━━━━━ Given data

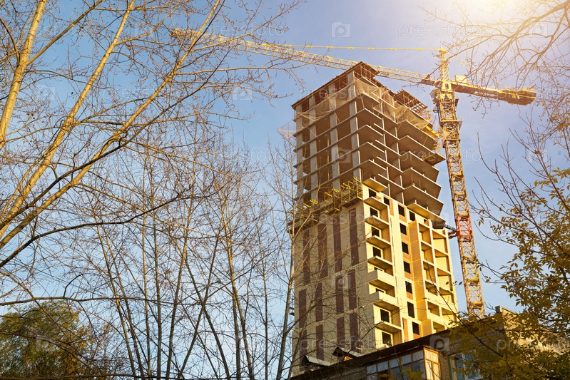 Строительство многоэтажного жилого дома в г. Кран возле небоскреба. Строительство, переезд в новую квартиру, ипотека, аренда и покупка недвижимости. Копировать пространство
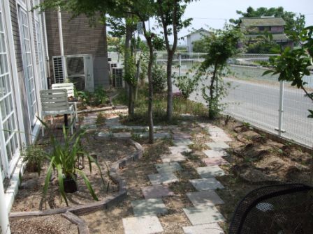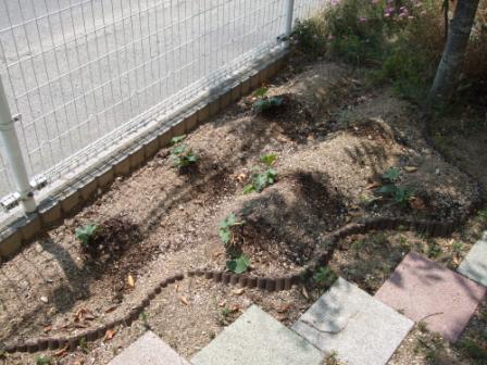以前、ご紹介した本部のお庭はキレイなお花が咲き誇っていましたが、今や野菜園となってしまいました
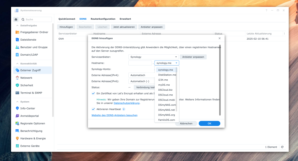 Achte darauf, dass du mit deinem Synology Konto angemeldet bis, dass du als Serviceanbieter Synology hast und einen freien Hostname auswählst. Dazu erstelle Dir direkt das Let’s Encrypt Zertifikat, ohne dies wird es nicht möglich sein, sichere und verschlüsselte Verbindung aufzubauen.
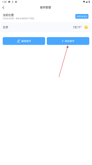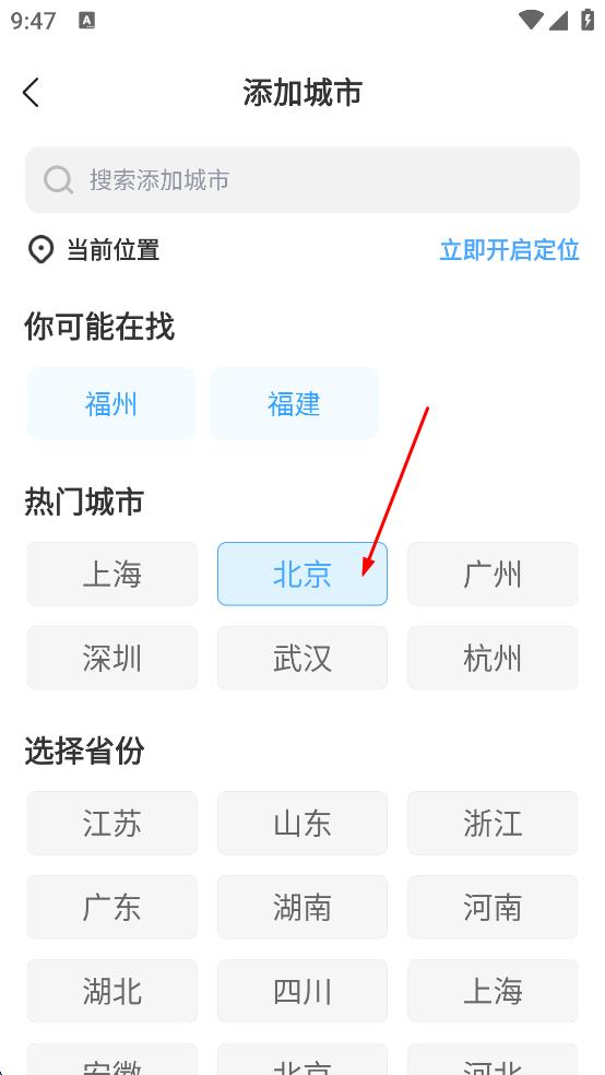 2、在APP主界面,進(jìn)入添加城市頁(yè)面,選擇要查看天氣的城市,比如點(diǎn)擊“北京”。

━━━━━━━━━━

The problem ▸
The expected response is every line of the material, written out exactly, with the images removed.

Output ▸
 Строительство многоэтажного жилого дома в г. Кран возле небоскреба. Строительство, переезд в новую квартиру, ипотека, аренда и покупка недвижимости. Копировать пространство
以前、ご紹介した本部のお庭はキレイなお花が咲き誇っていましたが、今や野菜園となってしまいました
 Achte darauf, dass du mit deinem Synology Konto angemeldet bis, dass du als Serviceanbieter Synology hast und einen freien Hostname auswählst. Dazu erstelle Dir direkt das Let’s Encrypt Zertifikat, ohne dies wird es nicht möglich sein, sichere und verschlüsselte Verbindung aufzubauen.
 2、在APP主界面,進(jìn)入添加城市頁(yè)面,選擇要查看天氣的城市,比如點(diǎn)擊“北京”。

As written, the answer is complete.